* [TASK DESCRIPTION] Would you please write out only the lines running from the top of the listing through the one holding "迷你牛皮拉链赤虎牛皮老年零钱包", exactly, with both ends kept and pictures left out?

* [COLLECTED MATERIAL]
★ ★ ★ ★

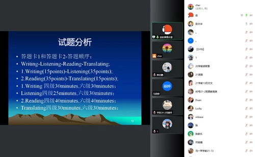 培训中,赵善青首先介绍了英语相关的考试、比赛、学习资源等,帮助学生们全面认识英语学习。随后,赵善青围绕考试流程、考试内容、答题技巧等,逐项详细讲解了听力、阅读、写作等考试部分。她在培训过程中对政策文化热点进行了分析,对用词语法结合案例进行了讲解,对考试书写等规范进行了要求,对以往考试中常出现的问题进行了总结,结合学生前期提出的问题进行集中反馈及个性化辅导。教育学院教学工作负责教师对学生们开展了四六级考试的防疫安全及诚信教育,要求学生严格按照各项考试规范,有序、诚信参加考试。
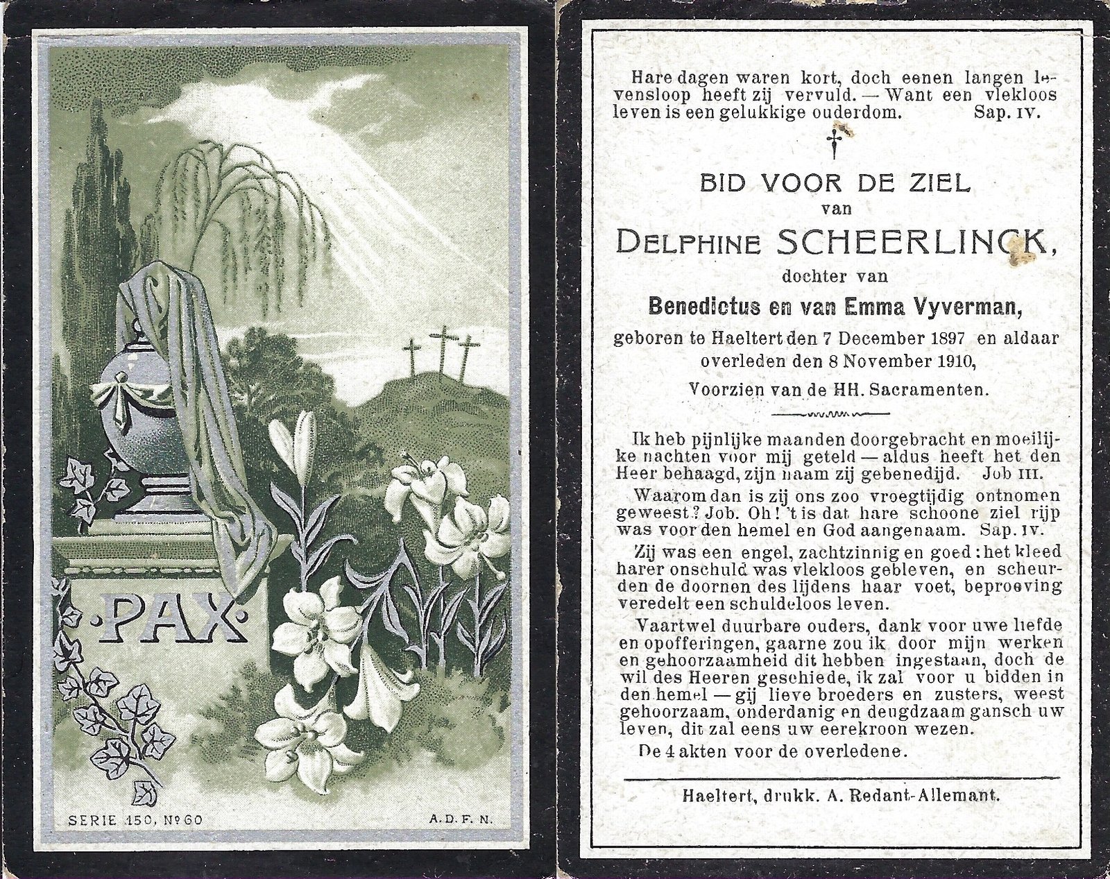 | Scheerlinck Delphine | Haaltert | 07/12/1897 | Haaltert | 08/11/1910 | |
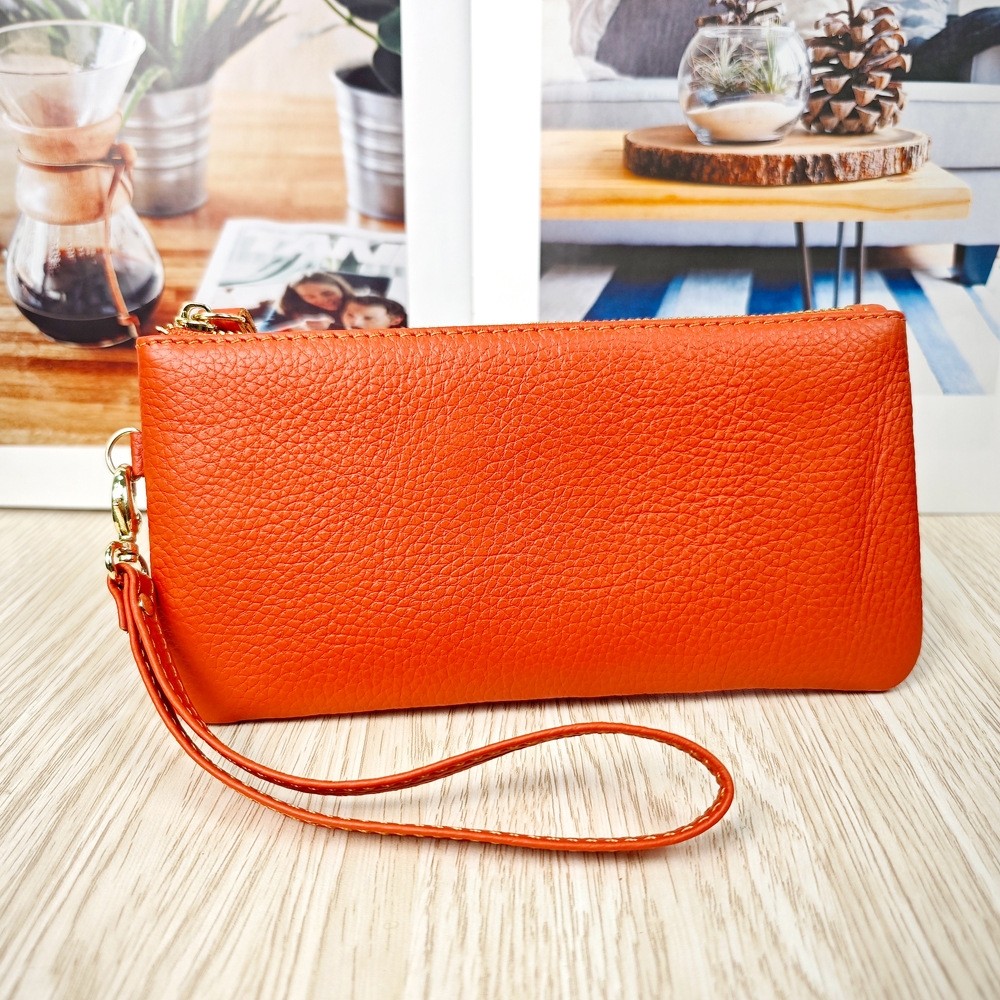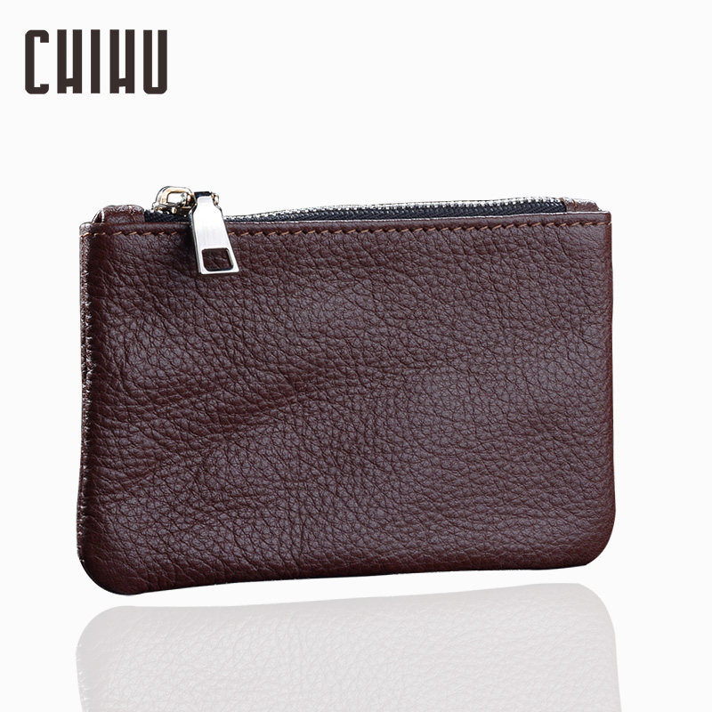 迷你牛皮拉链赤虎牛皮老年零钱包
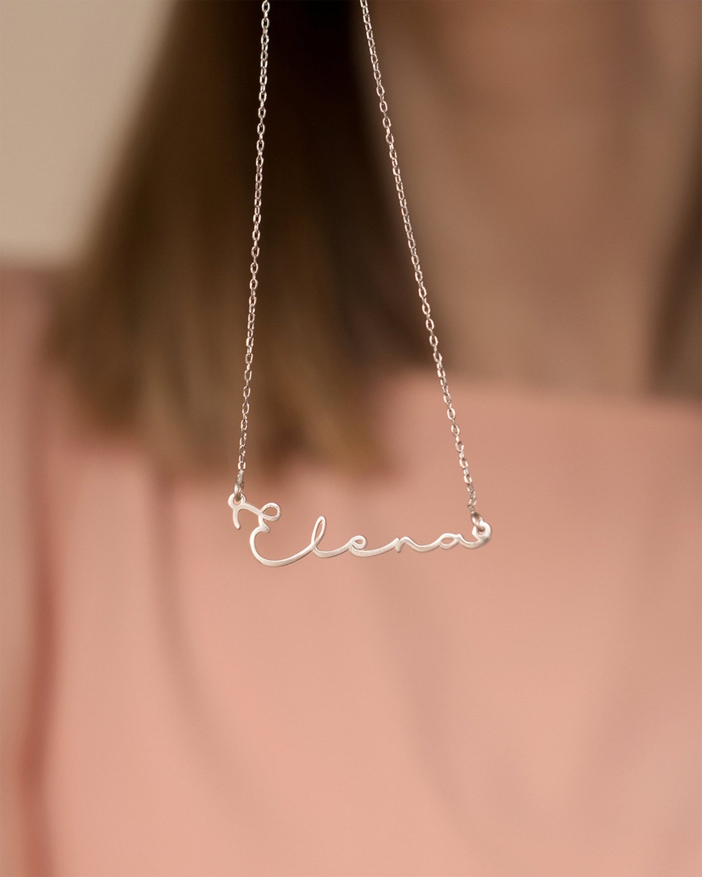 Unsere Namensketten entstehen aus erstklassigem Metall, um einen beständigen und luxuriösen Look zu gewährleisten. Wähle deinen eigenen Namen oder den eines geliebten Menschen, und wir formen die Buchstaben mit präziser Handwerkskunst in einem zeitgemäßen und ansprechenden Design.

★ ★ ★ ★

* [SOLUTION TO THIS EXERCISE]
 培训中,赵善青首先介绍了英语相关的考试、比赛、学习资源等,帮助学生们全面认识英语学习。随后,赵善青围绕考试流程、考试内容、答题技巧等,逐项详细讲解了听力、阅读、写作等考试部分。她在培训过程中对政策文化热点进行了分析,对用词语法结合案例进行了讲解,对考试书写等规范进行了要求,对以往考试中常出现的问题进行了总结,结合学生前期提出的问题进行集中反馈及个性化辅导。教育学院教学工作负责教师对学生们开展了四六级考试的防疫安全及诚信教育,要求学生严格按照各项考试规范,有序、诚信参加考试。
 | Scheerlinck Delphine | Haaltert | 07/12/1897 | Haaltert | 08/11/1910 | |
 迷你牛皮拉链赤虎牛皮老年零钱包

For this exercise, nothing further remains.